- [WHAT NEEDS TO BE DONE]: Copy each line, word for word, from the one with "王朝霞期末专项卷——数的认识" through the final line of the listing, but skip the pictures.

Top of MATERIAL PROVIDED

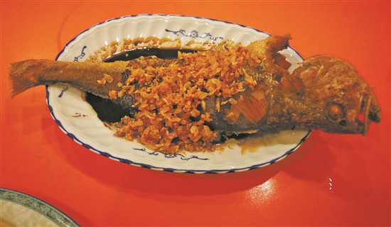 豉油糖炸黃花魚是雅苑的招牌菜,幾乎每桌必點,外皮酥脆、內(nèi)里細(xì)嫩,碟底的醬油以及鋪滿魚身的炸蒜粒都令其風(fēng)味更為獨特。
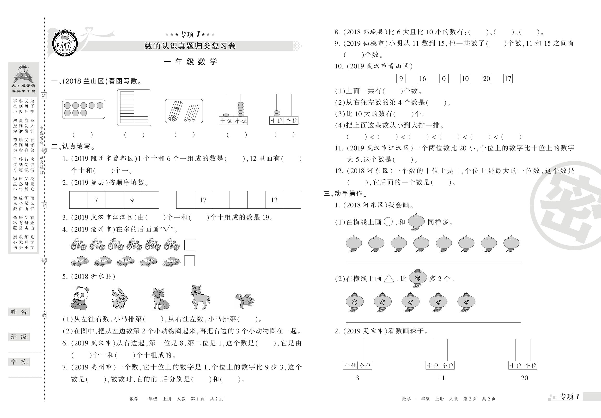 王朝霞期末专项卷——数的认识、计算真题归类复习一年级上册数学(人教版)_R210802215049【0】
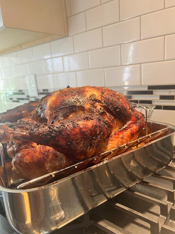 This roasting pan is perfect for the holidays. It’s high quality and the perfect size whether you have a 15 or 10 lb Turkey. It was easy to baste with it and easy to move around. I love it!

Bottom of MATERIAL PROVIDED

- [ANSWER BOX]:
 王朝霞期末专项卷——数的认识、计算真题归类复习一年级上册数学(人教版)_R210802215049【0】
 This roasting pan is perfect for the holidays. It’s high quality and the perfect size whether you have a 15 or 10 lb Turkey. It was easy to baste with it and easy to move around. I love it!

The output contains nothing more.